Particle toggle

Hey everyone,
Just wanted to post quick link to patch I wrote that allows particles to be toggled off in the 3d view. For me its a huge help. While my computer isn’t that slow it is with 300k hair particles on multiple meshes. Figured I’d post it here for anyone that wanted to build it in, in case it doesn’t make main stream trunk.

https://developer.blender.org/D337

Feel free to comment, love it, hate it, etc.,

Why not just change the display percentage? Could be done via python if you wanted to.

import bpy

D = bpy.data

for i in range(0,len(D.particles)):
    D.particles[i].draw_percentage = 0

Or a check box right here =)


Where it doesn’t load any of the particle data at all so the cpu doesn’t cook for no reason and easily toggled on and off.

You could set up a checkbox with python, too. Just seems like it’d be easier to deploy as an addon, rather than a patch.

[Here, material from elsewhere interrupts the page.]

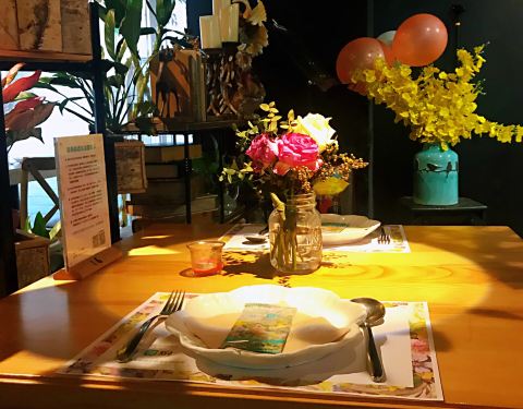 很有心思的一家以花为主题的餐厅,旁边就是花艺,名曰生活美学空间,装修同样是浪漫满屋。 花艺店和餐厅跨界联手,因而整个餐厅都被鲜花包围,就连餐桌上都满布玫瑰花瓣,餐厅的玄关处也是 花团锦簇,还有两只小...很有心思的一家以花为主题的餐厅,旁边就是花艺,名曰生活美学空间,装修同样是浪漫满屋。 花艺店和餐厅跨界联手,因而整个餐厅都被鲜花包围,就连餐桌上都满布玫瑰花瓣,餐厅的玄关处也是 花团锦簇,还有两只小鸟在吱吱喳喳唱歌,门外门内似是穿越了不同空间。 环境美出品也美,任一餐品都与鲜花搭配,浪漫到让人晕乎,餐桌上还贴心提示如是生日、求婚、纪念 日等特别日子,客人可提前致电告知餐厅作特别布置,无怪乎现场看到不少在庆祝的情侣和家庭。 推荐:花厨特色沙拉、法国梅花猪扒、黑椒牛柳丝意面、桃花公主花蜜酒、玫瑰酸奶芝士鲜花蛋糕 感谢朋友的生日邀请,这家,有下次。

How is this different than toggling visibility from the modifier tab?

If you have 40 objects with hair on them, to toggle them on and off you have to go to all 40 and do so. This is a system wide toggle to instantly save clutter and cpu. I’ve already used it on a large scene I’ve been working on and saved me a ton of frustration.

Very useful. It’s the little things like this that matter a lot when you stop playing with Suzanne heads and start putting together real scenes.

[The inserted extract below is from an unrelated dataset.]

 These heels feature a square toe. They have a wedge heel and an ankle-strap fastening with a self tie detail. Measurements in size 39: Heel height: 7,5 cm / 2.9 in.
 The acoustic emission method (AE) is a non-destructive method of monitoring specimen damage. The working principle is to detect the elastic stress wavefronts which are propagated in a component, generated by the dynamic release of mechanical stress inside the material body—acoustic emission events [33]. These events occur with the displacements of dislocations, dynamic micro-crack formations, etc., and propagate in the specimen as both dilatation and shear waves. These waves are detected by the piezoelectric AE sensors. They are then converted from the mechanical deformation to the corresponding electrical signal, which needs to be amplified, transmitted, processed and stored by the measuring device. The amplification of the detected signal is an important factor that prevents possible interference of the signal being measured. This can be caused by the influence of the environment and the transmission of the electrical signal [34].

For sure. Well said and to the point Ecaspersen. I couldn’t have said it better myself, cuz’ I would have been way to wordy! ; )

I think for some it might be a why all the sudden this patch, and I’ll explain…

I was working on a blend file that has a squirrel in it. As you can imagine I have body parts all with fur on them. I also use particles for grass and other things too. If you have a scene with all this in it even if you have a powerful computer scenes of this type can wreck your computers performance. On mine the chop was so bad I couldn’t even work on it anymore. I still wanted to take glances at the fur in OpenGL so I could judge where the boundaries were on the mesh as I sculpted my object. Going through each to change the display is just more time than I have. I use particles all the time and I wanted a system wide option that allowed me to quick toggle my particle assets. In this case my drawing had become unusable on my system so I did something about it.

Sure I can understand it when using many objects with particles, and even if I haven’t needed this display toggle yet (max 5 objects some with multiple psystems), or found other ways to deal with performance, such a display toggle would be great, especially if it is per editor like “Only Render”.

Question is how many need to toggle particle display regularly, which I guess is where the “use python” suggestion comes in. I wouldn’t mind having the option, but Brecht’s answer makes sense IMHO.

That could be done as a python AddOn. Another checkbox to reside under the Simplify panel of the Scene context.

The Simplify panel of the Scene context does not have similar settings for the workflow that the toggle effects. The Display panel definitely looks like the best place to put the toggle. It is among more similar items there.

An update to the particle toggle. I’ve updated the particle toggle to go in the simplify pane and it shuts down the particle system. You can type 2000000 into particle count and it takes immediately because it won’t calculate until the particles are toggled back on. It allows you to work on high particle count system offline or a scene with multiple particle meshes eating up resources. The patch is:

https://developer.blender.org/D355

Hopefully will make it in next version.

So looking at the developer patch, Brecht had an excellent point about context and underlying code execution. I still think the option grouping from a UI and artist use case is better in display. But I understand the code underneath also determines where it needs to be placed and therefor the simplify panel works best for code execution context.

Good work sundiego47

I REALLY hope this makes it in. If what you say is true, in that particles are being calculated behind the scenes even when hidden (which has been my experience), then this is a godsend if you have furry characters in a scene and you want to focus on animation without any particle overhead.

Exactly fahr. We have our hopes up and sundiego47 is working with core devs to make it happen. It also will toggle off other things to make for a more rapid development workflow. Kind of like wireframe viewport rendering. You only have on what you need at the moment in complex scenes. This makes for a very fast workflow. Something I am a total advocate for since I work in the live event industry. I can only think that Project Gooseberry will use this extensively. It may effect other workflows in a minor way. But the benefit on particles as fur/hair should be tremendous.

It was a good idea borne out of necessity on a project. One of the best reasons to improve Blender IMHO.

Its been very useful to me already. The one thing that really can’t be changed is since its not calculating during the simplify if any changes are made then animations will need to rebuild after any changes.

As for 2.70 I wouldn’t get my hopes up but it is checked in and ready to go.

Could you elaborate on that? What do you mean my animations needing to be rebuilt?

If you change the mesh or particle I’ve made it so that the calculations aren’t involved while you making those changes so the lag that you experience goes away completely while editing the mesh or the particles even themselves. The get rebuilt as soon as you toggle it back on to fit the changes. What I mean by rebuilt is if you had an animation that cached the hair dynamics then it will need to recache with the new changes once it is unsimplified. The goal really was if you had a scene with multiple particle system a way to quickly toggle those interactions off because they seem to be the ones that make changes impossible if not turned off.